Version 0.4.0

This release brings a bug fix that may be a breaking change for some ASTs, and a new combinator.

• Fix an issue in substitution where traversal would not continue in
  an AST node for which isvar or isCoerceVar is defined to return
  non-Nothing but which had additional structure.

  For example, in a language with meta variables and explicit substitutions:

     data Expr =
       ...
         -- normal variables that stand for expressions
       | Var (Name Expr)
          -- a meta variable occurrence and an explicit substitution
    	  -- of expressions to substitute in for the free variables
       | MetaVar (Name Meta) [(Name Expr, Expr)]
     -- a meta variable stands for an expression with some free term vars
     data Meta = MetaVar Expr
  
     -- substitution for a meta in an expression
     instance Subst Expr Meta where
       isCoerceVar (MetaVar u sub) = Just (SubstCoerce u (Just . applyExplicitSubst sub))
     applyExplicitSubst :: [(Name Expr, Expr)] -> Meta -> Expr
     applyExplicitSubst s (MetaVar e) = substs s e

  Given an expression e1 defined as MetaVar "u" [("x", 10)], we may want to
  substitute a Meta ("x" + "x") for "u" to get 10 + 10 (that is, we replace "u" by the expression "x" + "x" and immediately apply the substitution 10 for "x").

  Now suppose we have an expression e2 defined as MetaVar "v" [("y", e1)] (that is, an occurrence of meta var "v" together with a substitution of e1 from above for "y"). If we again try to substitute Meta ("x" + "x") for "u" in e2, we would expect to get MetaVar "v" [("y", 10 + 10)] (that is, since "v" is not equal to "u", we leave the meta var alone, but substitute for any occurrences of "u" in the explicit substitution, so e1 becomes 10 + 10 as
  before).

  The bug in previous versions of unbound-generics was that we would incorrectly leave MetaVar "v" [("y", e1)] unchanged as soon as we saw that isCoerceVar (MetaVar "v" [("y", e1)]) returned Just (SubstCoerce "u" ...) where "u" /= "v".

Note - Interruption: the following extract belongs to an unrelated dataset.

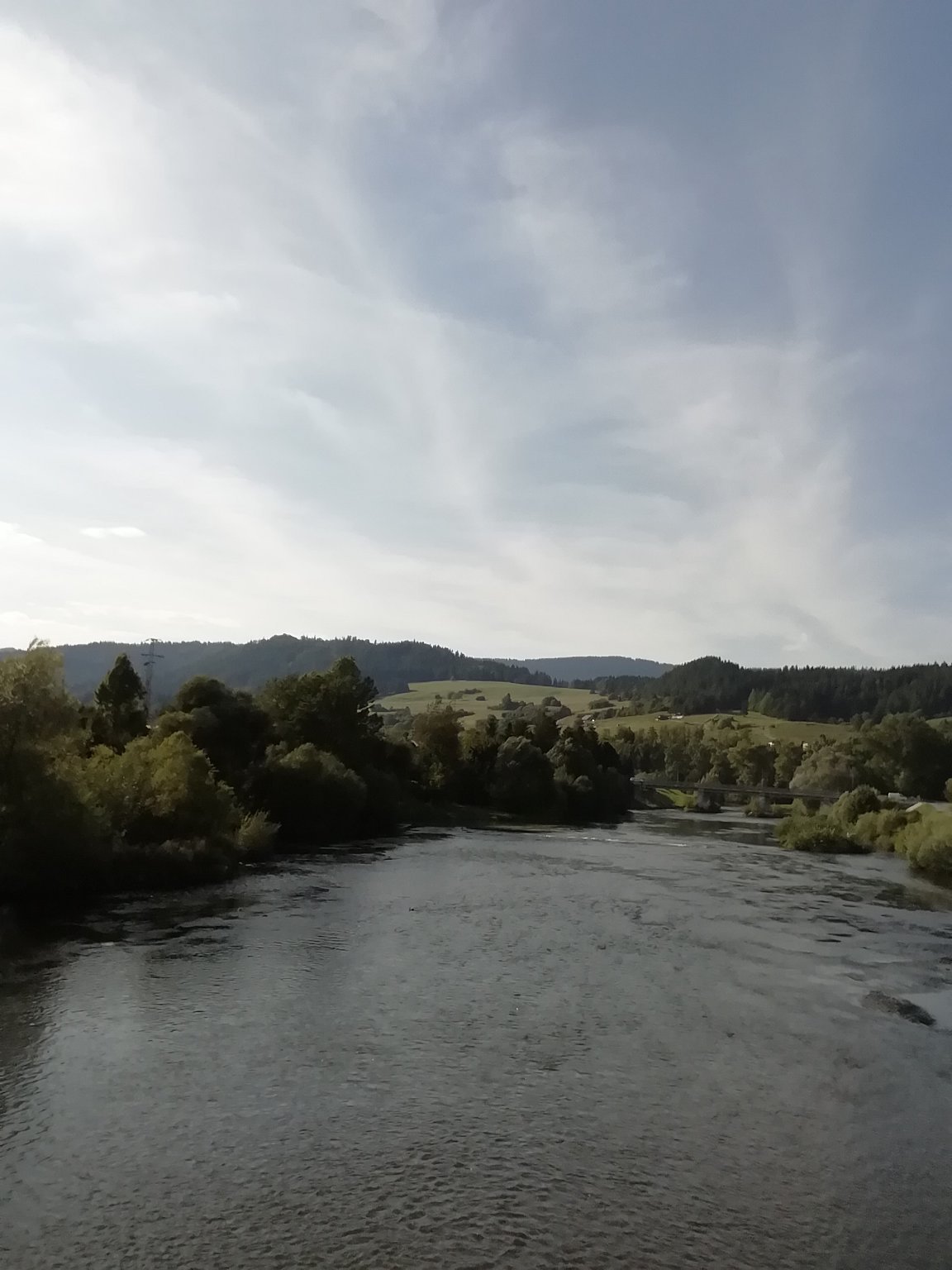 Polojasno s převažující vysokou oblačností. Čerstvý vítr se změnil na mírný jižní. Tlak 1003,4 hPa, vlhkost 48%.
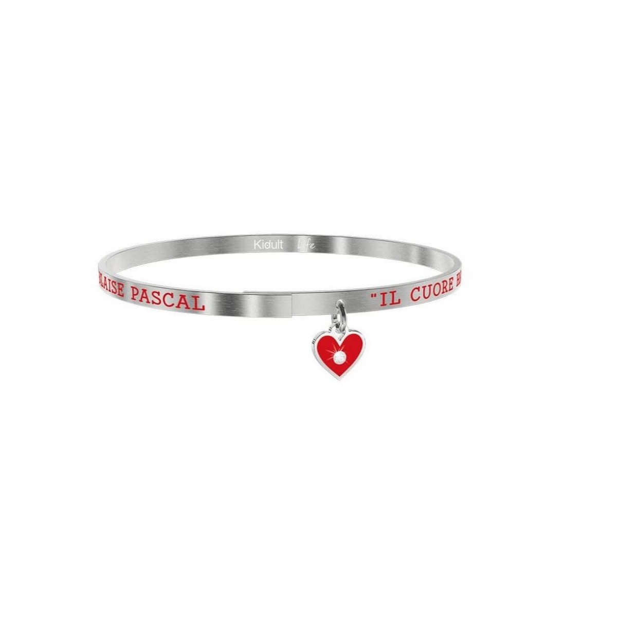 Thin bangle in brushed steel with writing and small red enamel heart pendant.

  Thanks Reed Mullanix (TOTWBF) for finding and fixing this issue.
  #26

• New binding specification type Ignore.

  Any two Ignore T terms will always be alpha-equivalent to each other, will be considered to contain no variables, and will not have any substitution apply beneath Ignore. Useful for attaching annotation terms to your AST.

    import Text.Parsec.Pos (SourcePos)
    
    data Expr =
       ...
       | Lambda (Ignore SourcePos) (Bind (Name Expr) Expr)

  As expected, any two Lambda expressions will be considered alpha-equivalent even if they differ in source position.

  Note that the Ignore will block operations on Name a for all a, which can be a little unexpected:

    data Ty =
      TyVar (Name Ty)
      | TyArr Ty Ty
    
    instance Subst Ty Ty where
      ...
  
    data Expr =
      ...
      | Var (Name Expr)
      | Lambda (Ignore Ty) (Bind (Name Expr) Expr)
    
     instance Subst Ty Expr

  Applying a substitution of a type for a free type variable to a Lambda will not descend into the Ignore Ty.

  Thanks Reed Mullanix (TOTWBF) for the new operation.